Re: [VOTE] Release Apache Spark 1.0.0 (rc5)

2014-05-31 Thread Colin McCabe
On Sat, May 31, 2014 at 10:45 AM, Patrick Wendell pwend...@gmail.com
wrote:

 One other consideration popped into my head:

 5. Shading our dependencies could mess up our external API's if we
 ever return types that are outside of the spark package because we'd
 then be returned shaded types that users have to deal with. E.g. where
 before we returned an o.a.flume.AvroFlumeEvent we'd have to return a
 some.namespace.AvroFlumeEvent. Then users downstream would have to
 deal with converting our types into the correct namespace if they want
 to inter-operate with other libraries. We generally try to avoid ever
 returning types from other libraries, but it would be good to audit
 our API's and see if we ever do this.


That's a good point.  It seems to me that if Spark is returning a type in
the public API, that type is part of the public API (for better or worse).
 So this is a case where you wouldn't want to shade that type.  But it
would be nice to avoid doing this, for exactly the reasons you state...

On Fri, May 30, 2014 at 10:54 PM, Patrick Wendell pwend...@gmail.com
 wrote:
  Spark is a bit different than Hadoop MapReduce, so maybe that's a
  source of some confusion. Spark is often used as a substrate for
  building different types of analytics applications, so @DeveloperAPI
  are internal API's that we'd like to expose to application writers,
  but that might be more volatile. This is like the internal API's in
  the linux kernel, they aren't stable, but of course we try to minimize
  changes to them. If people want to write lower-level modules against
  them, that's fine with us, but they know the interfaces might change.


MapReduce is used as a substrate in a lot of cases, too.  Hive has
traditionally created MR jobs to do what it needs to do.  Similarly, Oozie
can create MR jobs.  It seems that what @DeveloperAPI is pretty similar to
@LimitedPrivate in Hadoop.  If I understand correctly, your hope is that
frameworks will use @DeveloperAPI, but individual application developers
will steer clear.  That is a good plan, as long as you can ensure that the
framework developers are willing to lock their versions to a certain Spark
version.  Otherwise they will make the same arguments we've heard before,
that they don't want to transition off of a deprecated @DeveloperAPI
because they want to keep support for Spark 1.0.0 (or whatever).  We hear
these arguments in Hadoop all the time...  now that spark as a 1.0 release
they will carry more weight.  Remember, Hadoop APIs started nice and simple
too :)


  This has worked pretty well over the years, even with many different
  companies writing against those API's.
 
  @Experimental are user-facing features we are trying out.

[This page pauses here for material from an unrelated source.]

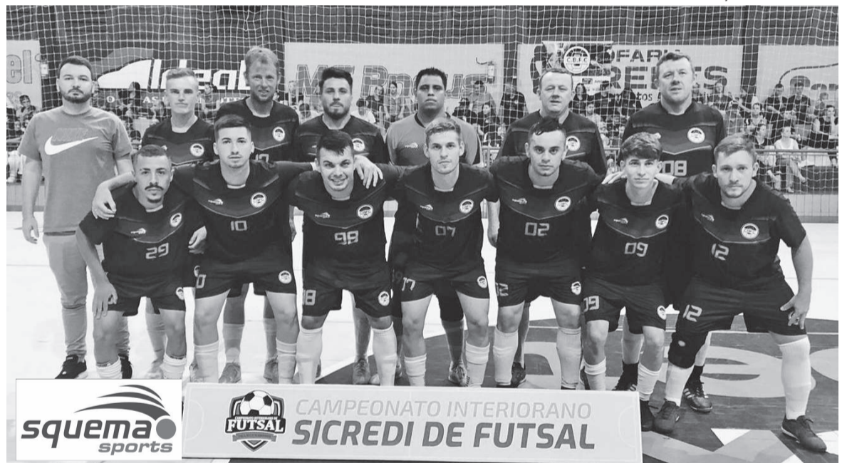
Equipe do CBFC, de Caúna Baixa, joga hoje pela Chave B do Interiorano. Jogo será contra o Juventude de Poço Traíra

Hopefully
  that one is more clear.
 
  In terms of making a big jar that shades all of our dependencies - I'm
  curious how that would actually work in practice. It would be good to
  explore. There are a few potential challenges I see:
 
  1. If any of our dependencies encode class name information in IPC
  messages, this would break. E.g. can you definitely shade the Hadoop
  client, protobuf, hbase client, etc and have them send messages over
  the wire? This could break things if class names are ever encoded in a
  wire format.


Google protobuffers assume a fixed schema.  That is to say, they do not
include metadata identifying the types of what is placed in them.  The
types are determined by convention.  It is possible to change the java
package in which the protobuf classes reside with no harmful effects.  (See
HDFS-4909 for an example of this).  The RPC itself does include a java
class name for the interface we're talking to, though.  The code for
handling this is all under our control, though, so if we had to make any
minor modifications to make shading work, we could.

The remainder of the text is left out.